If a better-coordinated effort had been in place at the time of Richardson's disappearance, Waters said, "I'm confident that we'd have a better understanding of what happened to Mitrice Richardson."

Richardson's family has conducted four fruitless searches for the young woman, including one of the most extensive searches in the history of the Los Angeles Sheriff's Department.

While the online National Missing and Unidentified Persons System contains information on 2,856 missing people and 6,241 unidentified remains for public use, it doesn't include thousands of FBI records. Compounding the problem, authorities are required to report missing people under age 21, but not missing adults.

"It's likely that many missing-persons cases remain open for failure to connect missing-person profiles with unidentified remains that are being held," said Rep. Ted Poe (R-Texas), another sponsor of the bill.

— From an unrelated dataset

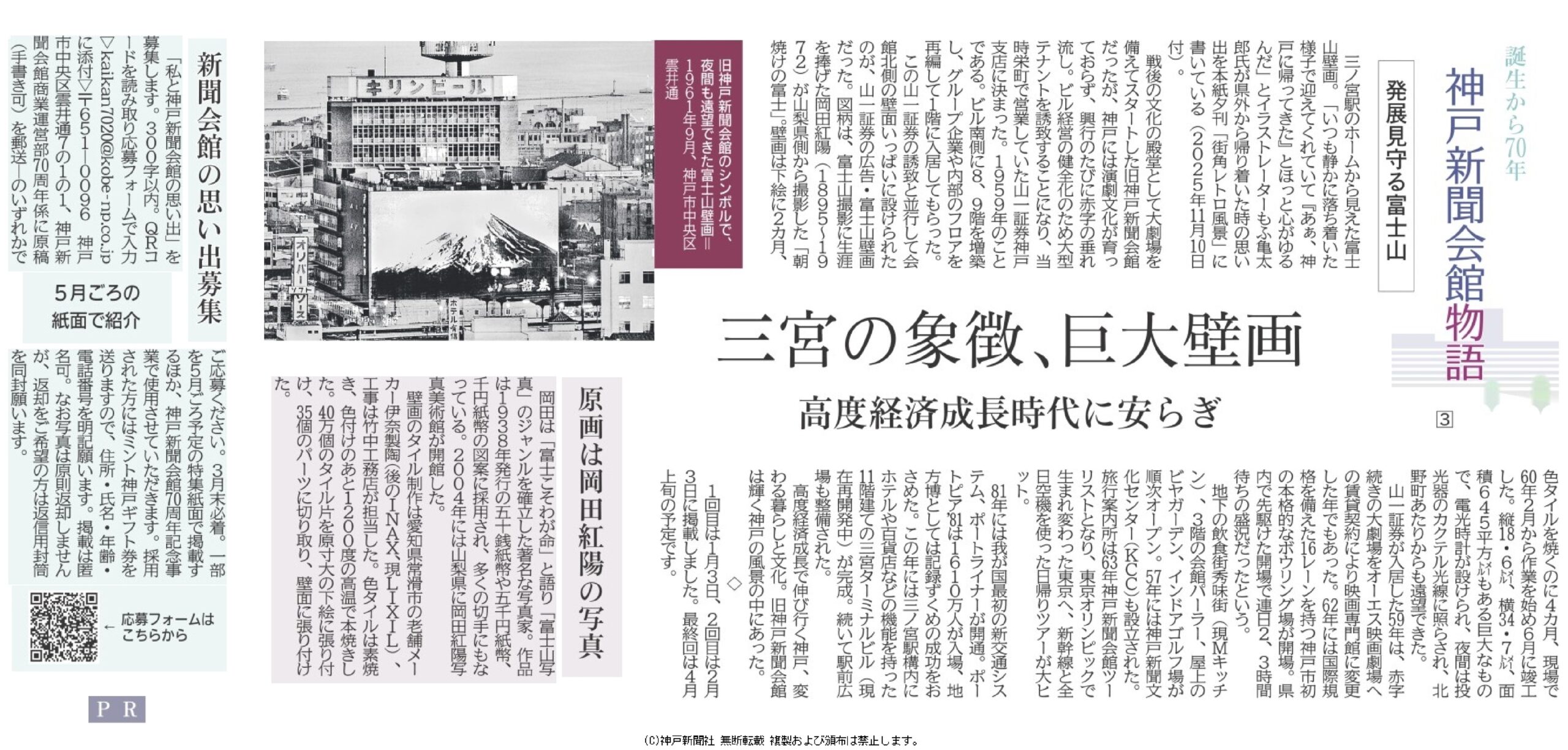 "나와 고베신문회관의 추억」모집에 관하여(자세한 내용은 여기))2026년 3월말 마감

The legislation requires the FBI to share information, excluding sensitive and confidential data, with the public database. It authorizes $50 million in grants over five years to encourage state and local officials to share information on missing people and unidentified remains.

The grants program, Murphy said, would "make sure that all the information that a coroner may have in California is posted onto a national database so a family searching for their missing loved one in Connecticut has that information."

Smolinski, who has a 34-year-old daughter, never expected to be lobbying for federal legislation.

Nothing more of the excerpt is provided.